__SUPPLIED MATERIAL__.
◇ ◇ ◇ ◇ ◇ ◇ ◇

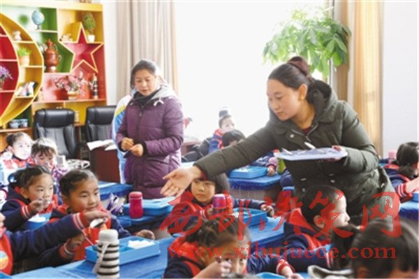 拉薩市城關(guān)區(qū)第二小學的家長代表正在給學生發(fā)放營養(yǎng)午餐。
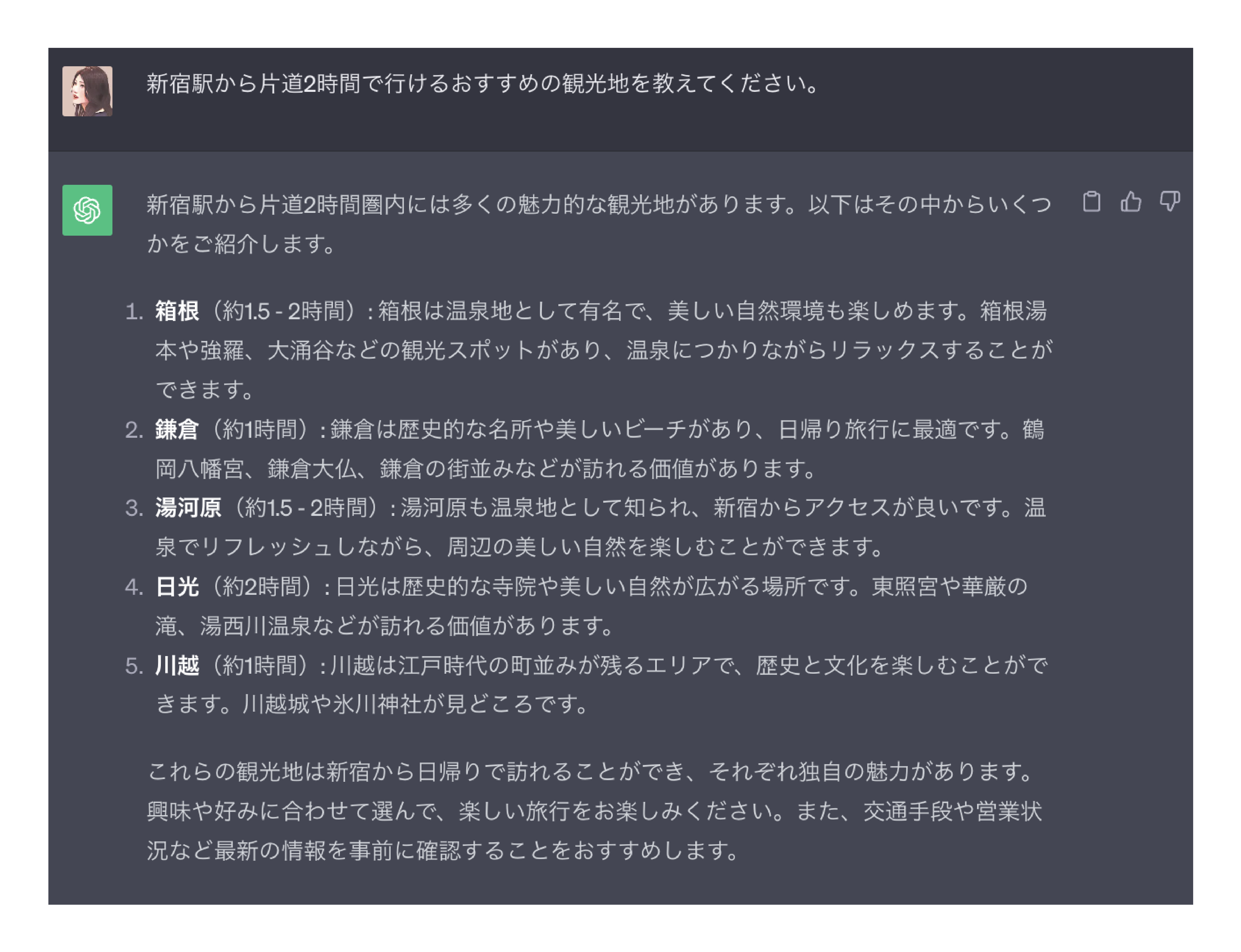 (1)のプロンプトだと範囲が広すぎるため、世界中のおすすめの観光地が提案されます。
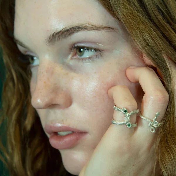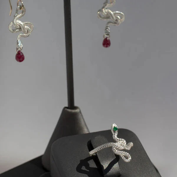 This symbolic Snake Guardian Ring embodies transformation, intuition, and protection. The serpent’s open-mouthed design wards off negativity, while the Zambian emerald set in its head represents renewal and spiritual awareness.
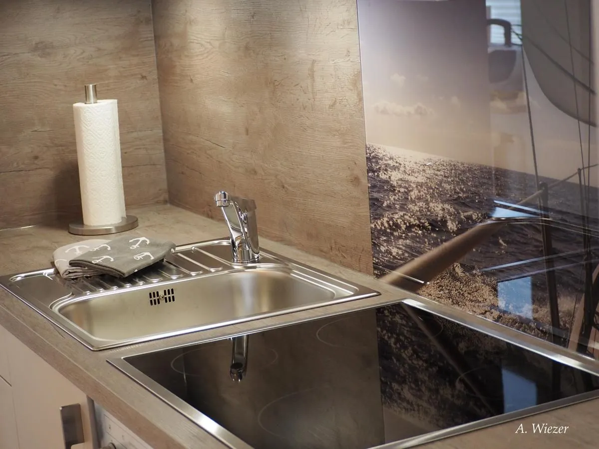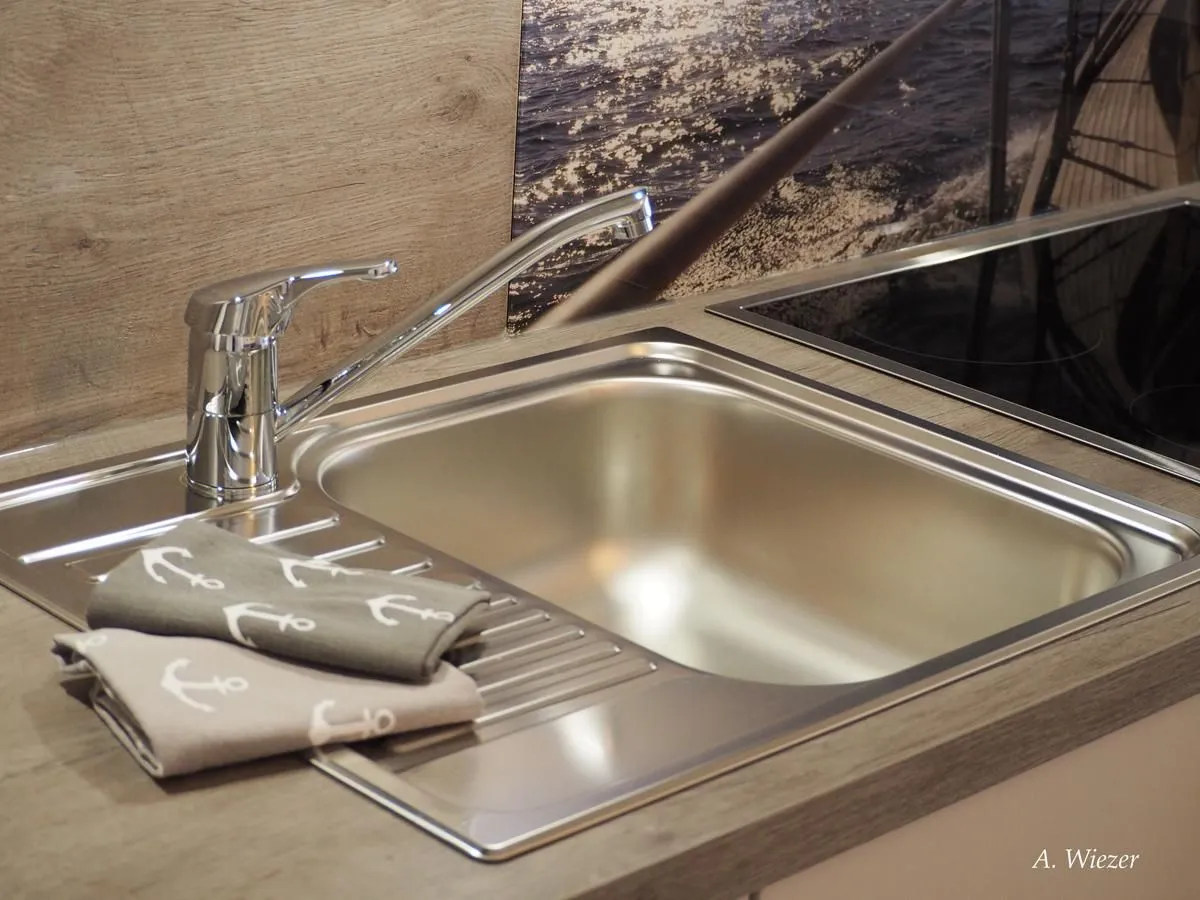 Die gut ausgestattete Küche lässt mit Backofen, Herd, Mikrowelle, Wasserkocher, Kaffeemaschine, Toaster, Kühlschrank mit Gefrierfach sowie Geschirrspüler und umfassendem Besteck und Geschirr keine Wünsche offen – ideal, um selbständig zu kochen und zu genießen. Für den Start in den Tag steht Ihnen zudem ein Mixer bereit. An den Wohnbereich schließt sich ein Balkon an, auf dem Sie draußen entspannen und die frische Nordseeluft genießen können.

◇ ◇ ◇ ◇ ◇ ◇ ◇

__TASK DETAILS__. Everything from the line with "(1)のプロンプトだと範囲が" through the last line above should be reproduced exactly, both ends included; pictures must be omitted.

__SOLUTION TO THIS TASK__.
 (1)のプロンプトだと範囲が広すぎるため、世界中のおすすめの観光地が提案されます。
 This symbolic Snake Guardian Ring embodies transformation, intuition, and protection. The serpent’s open-mouthed design wards off negativity, while the Zambian emerald set in its head represents renewal and spiritual awareness.
 Die gut ausgestattete Küche lässt mit Backofen, Herd, Mikrowelle, Wasserkocher, Kaffeemaschine, Toaster, Kühlschrank mit Gefrierfach sowie Geschirrspüler und umfassendem Besteck und Geschirr keine Wünsche offen – ideal, um selbständig zu kochen und zu genießen. Für den Start in den Tag steht Ihnen zudem ein Mixer bereit. An den Wohnbereich schließt sich ein Balkon an, auf dem Sie draußen entspannen und die frische Nordseeluft genießen können.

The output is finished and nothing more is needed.